Measured on NVIDIA RTX PRO 6000 Blackwell (96GB):
| Metric | Value |
|---|---|
| Time to first audio (TTFA) | 165ms avg (150-180ms) |
| Total end-to-end | 210ms avg (190-230ms) |
| STT (Whisper large-v3-turbo) | 55ms |
| LLM (Qwen3.5-4B, streaming) | 150ms |
| TTS (Kokoro 82M, chunked) | 50ms/chunk |
| Cold start (first turn) | 0ms (pre-warmed) |
165ms TTFA is faster than human conversational turn-taking (~300ms).
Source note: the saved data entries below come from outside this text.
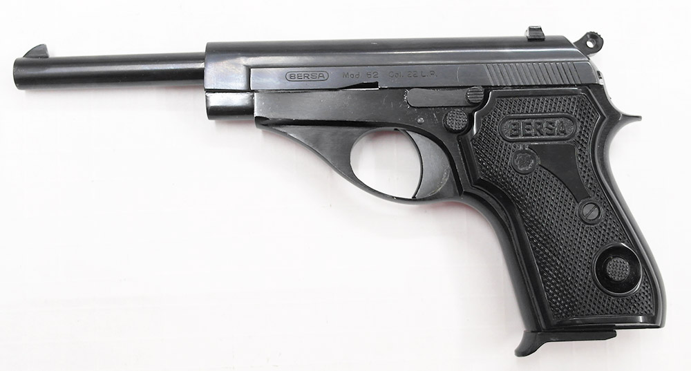 Bersa mod. 62 .22LR -pienoispistooli Siisti pienoispistooli yhdellä lippaalla. * Kaliiperi: .22LR * Toimintatapa: 3 - itselataava kertatuli
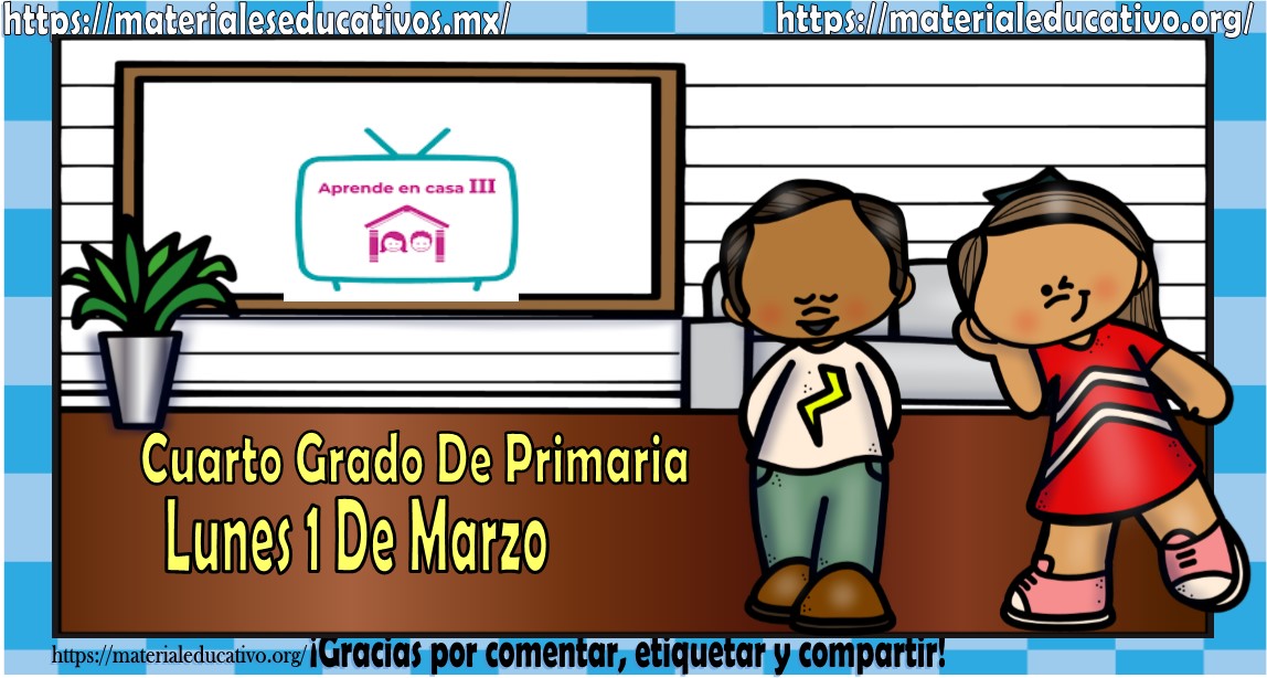 Amigos, compañeros docentes, padres de familia y alumnos que nos visitan, como ya es costumbre nosotros les proporcionaremos las clases contempladas para observarse en la TV del programa aprende en casa III, lo que antes se conocía como videos y preguntas. En esta oportunidad les queremos proporcionar las clases del cuarto grado de primaria del lunes 1 de marzo del 2021 del presente ciclo escolar 2020 – 2021, estaremos seguros que con este material podrá facilitar la realización de las actividades planteadas por parte del programa. Muchas gracias por visitarnos y recuerden que aquí podrán encontrar las preguntas, videos y todas las clases del programa de aprende en casa 2. Recuerden compartir nuestros enlaces en sus redes sociales y etiquetar a sus compañeros y amigos docentes en nuestras publicaciones.
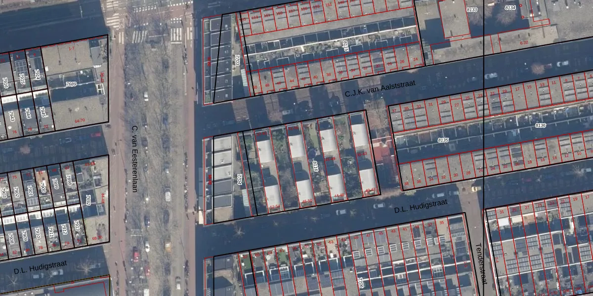 Het adres is gelegen op perceel 8116 in de sectie A en de kadastrale gemeente Amsterdam. De kadastrale aanduiding is aldus ASD02-A-8116. De gemiddelde perceelgrootte in Amsterdam is 2763,93 m². Dit perceel is kleiner: de perceeloppervlakte bedraagt 1230 m². Het grootste perceel in de kadastrale gemeente is 14,3 ha. Het kleinste perceel heeft een oppervlakte van 0 m². Op het perceel liggen in totaal 20 adressen. In de Basisregistratie Kadaster (BRK) werden de grenzen van het perceel geregistreerd op 11-01-2012.
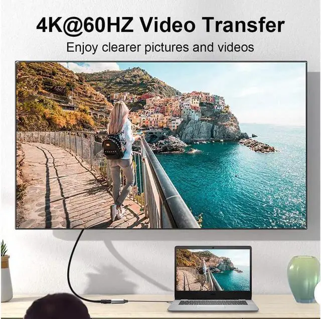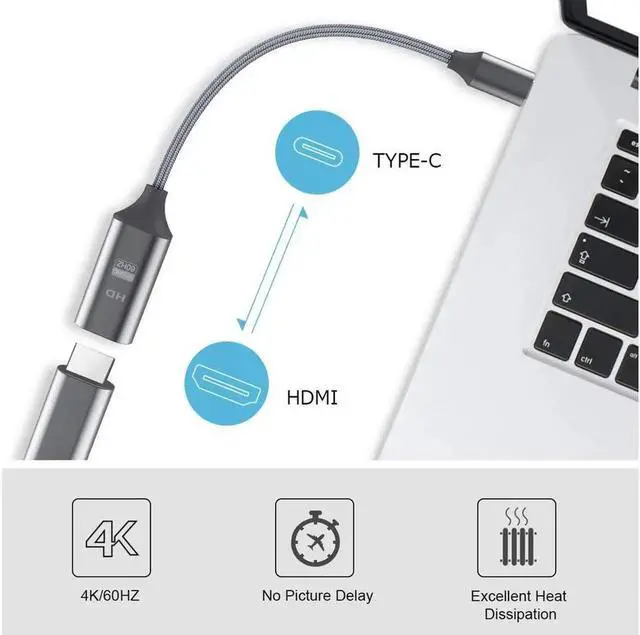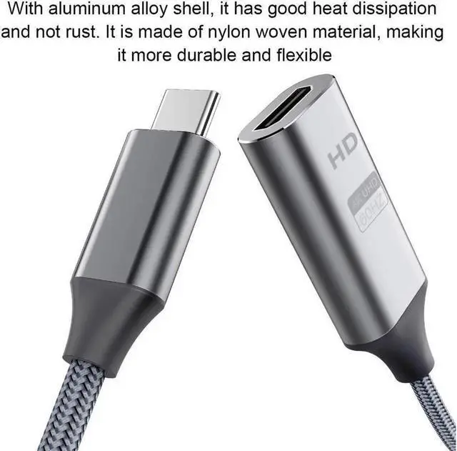 The Type-C to HDMI cord is 0.65 ft ( 0.2 m) long and weighs 45g. It supports 4K 60Hz HD video transmission and provides you with HD picture quality. Nylon braided rope and aluminum alloy housing make it tough and insulated.
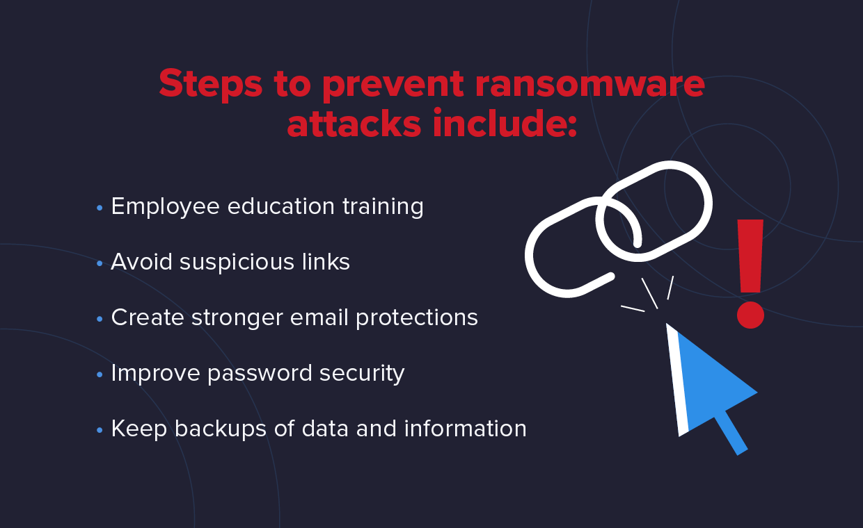 اطمینان حاصل کنید که برای جلوگیری از حمله و از بین رفتن داده ها در سازمان خود اقدامات لازم را انجام می دهید. در اینجا چند روش موثر برای جلوگیری از تأثیر باج افزار در شرکت شما وجود دارد.
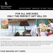 The Four Seasons Hotels & Resorts is focusing on gift cards in its latest email campaign targeting past guests who are likely in search of Mother’s Day gift ideas.
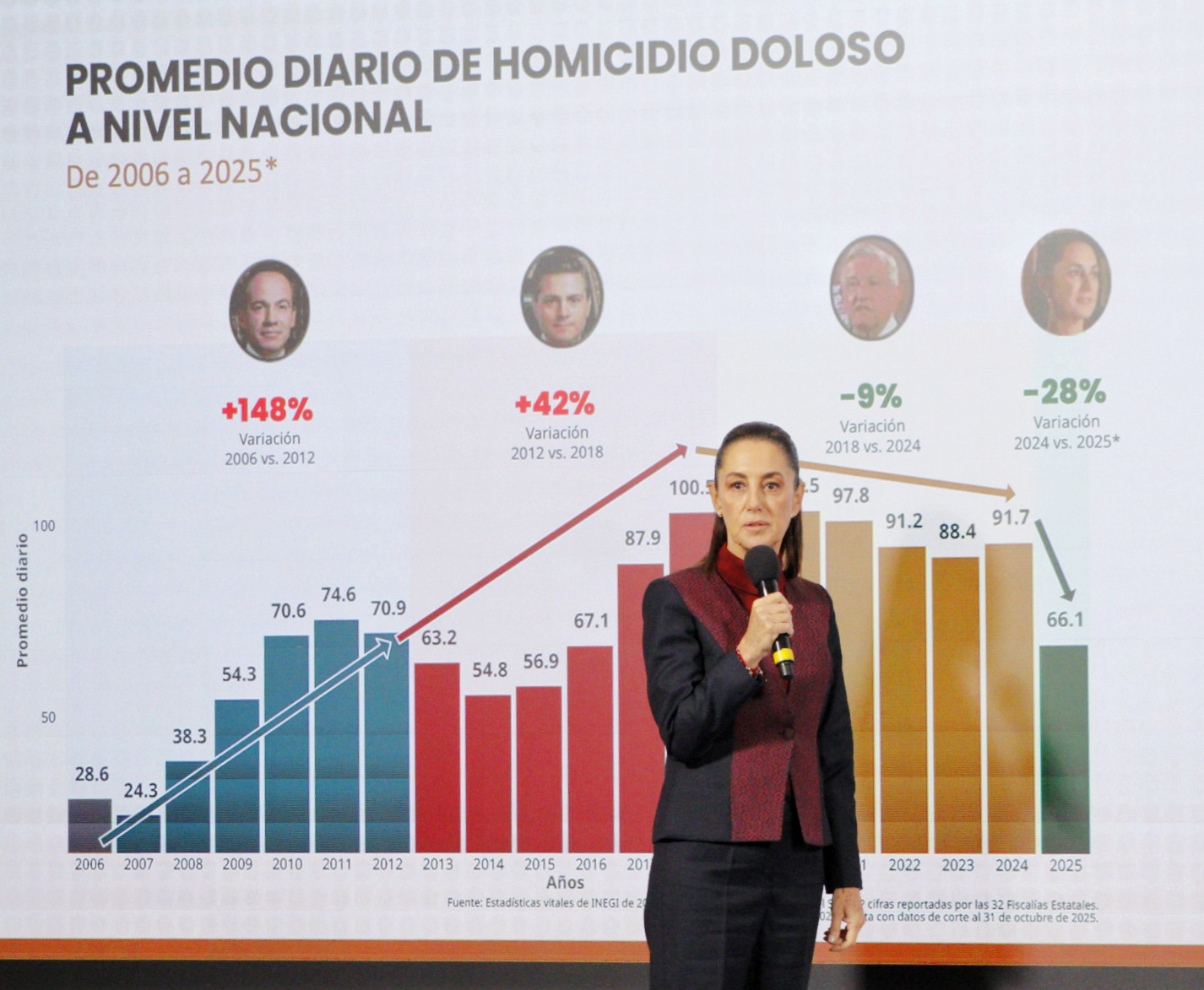 - Disminución de homicidios: Se registró una disminución del 37% en el promedio diario de homicidios dolosos en México, lo que representa 32 asesinatos menos por día.

- Streaming pipeline: LLM tokens stream through a sentence chunker to TTS — audio plays while the LLM is still generating
- Interruption: Start speaking mid-response and it stops, listens, responds to the new input
- Context memory: Sliding window of 10 turns with automatic summarization of older context
- Self-contained: Built-in vLLM server for the LLM, or connect to an external one
- Auth: Optional login protection via
GRADIO_AUTH
| Variable | Default | Description |
|---|---|---|
PORT |
7866 |
Web UI port |
LLM_MODEL |
Qwen/Qwen3.5-4B |
LLM model (any vLLM-compatible) |
WHISPER_MODEL |
openai/whisper-large-v3-turbo |
STT model |
KOKORO_VOICE |
af_heart |
TTS voice (54 options) |
KOKORO_LANG |
a |
Language (a=American, b=British, j=Japanese, etc.) |
SYSTEM_PROMPT |
(conversational assistant) | LLM system prompt |
GRADIO_AUTH |
(none) | Login auth, format: user:pass,user2:pass2 |
START_VLLM |
1 |
Set 0 to use external LLM |
LLM_URL |
http://localhost:8100/v1 |
External LLM endpoint (when START_VLLM=0) |
HF_HOME |
/models |
HuggingFace cache directory |
NVIDIA_VISIBLE_DEVICES |
0 |
GPU to use |
| Component | VRAM |
|---|---|
| Whisper large-v3-turbo | ~6 GB |
| Qwen3.5-4B (vLLM, 40% util) | ~15 GB |
| Kokoro 82M | ~2 GB |
| Total | ~23 GB |
Fits on any GPU with 24GB+ VRAM. On larger GPUs, increase --gpu-memory-utilization for more KV cache (longer conversations, higher concurrency).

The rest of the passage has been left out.